Thu, Feb 24, 2011 - Page 20 News List

YouTube in talks to stream NBA, NHL games live


YouTube said it’s in talks with the National Basketball Association (NBA) and the National Hockey League (NHL) to broadcast live games, building on the popularity of cricket’s Indian Premier League (IPL) last year.

YouTube aims to show more live sports in the second half of the year, said Gautam Anand, Google’s director of content partnerships for Asia Pacific, in an interview in Seoul on Tuesday. He declined to give details of the discussions with the NBA and NHL.

Adding live sports broadcasts may help YouTube expand revenue by keeping viewers on its site longer to woo more advertisers. YouTube’s contract to show cricket from the IPL, which gives the Google unit a share of ad -revenue from games and the league’s Web site, brought in 55 million visits from more than 250 countries, Anand said.

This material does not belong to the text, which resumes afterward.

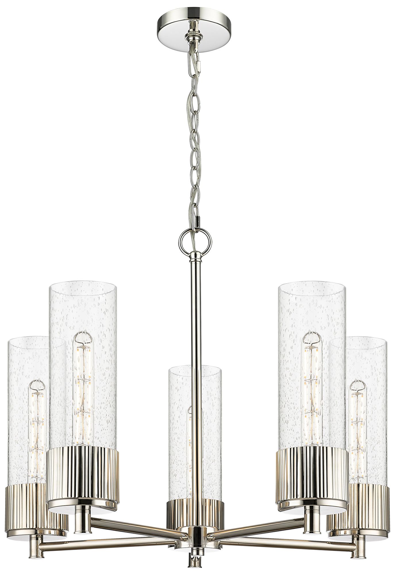 Bolivar 25"W 5 Light Polished Nickel Chain Hung Chandelier With Seedy
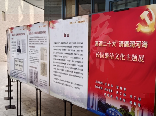 河清海晏揚正氣,崇廉尚潔潤心田。本次展覽以喜迎二十大與校園廉潔文化為主題,通過主題鮮明、内容豐富的圖片展,向同學們展示了河海大學的廉潔文化傳統,現今的廉潔教育建設和中國共産黨持續奮鬥的光輝曆程。

“It’s fair to say that there will be a lot more appealing sports content you’ll see on YouTube,” Anand said. “We have ongoing conversations with pretty much everyone.”

Mountain View, California-based Google is in negotiations with “most pro sports leagues” including the NBA and NHL, as well as soccer leagues in Europe, said Brian Suh, head of YouTube Partnership at Google’s South Korean unit, in a separate telephone interview on Tuesday.

“We’re pleased that YouTube recognizes the value of live sports,” Michael Bass, senior vice president for marketing communications at the NBA, said yesterday.

Gary Meager, senior vice president for public relations at the NHL, did not reply to a telephone message and e-mail request for comment.

Where new live-streaming services will be offered depends on each deal, said Lois Kim, a spokeswoman for Google Korea. YouTube streams Major League Baseball games in Japan, where major TV broadcasters don’t feature the sporting events.

One of the key goals for YouTube this year is to offer longer clips of movies and shows under the lead of former Netflix Inc executive Robert Kyncl, Anand said. Google also hired Claude Ruibal, former chief executive and chairman of Universal Sports, as the head of sports content partnerships for YouTube this year to boost sports content, Anand said.

During the IPL broadcast, viewers spent on average 40 minutes watching each match, he said. The company needs to do more to keep its viewers on the site for longer than the average daily 15-minute session, compared with the multiple hours consumers spend in front of televisions, according to Hunter Walk, director of product management at YouTube.

“One of the good things about IPL was that it really proved to a lot of sports leagues that broad-scale live-streaming type of exercise is something that’s possible,” Anand said. “They took notice of IPL and have come to us and entered into a lot more serious discussions.”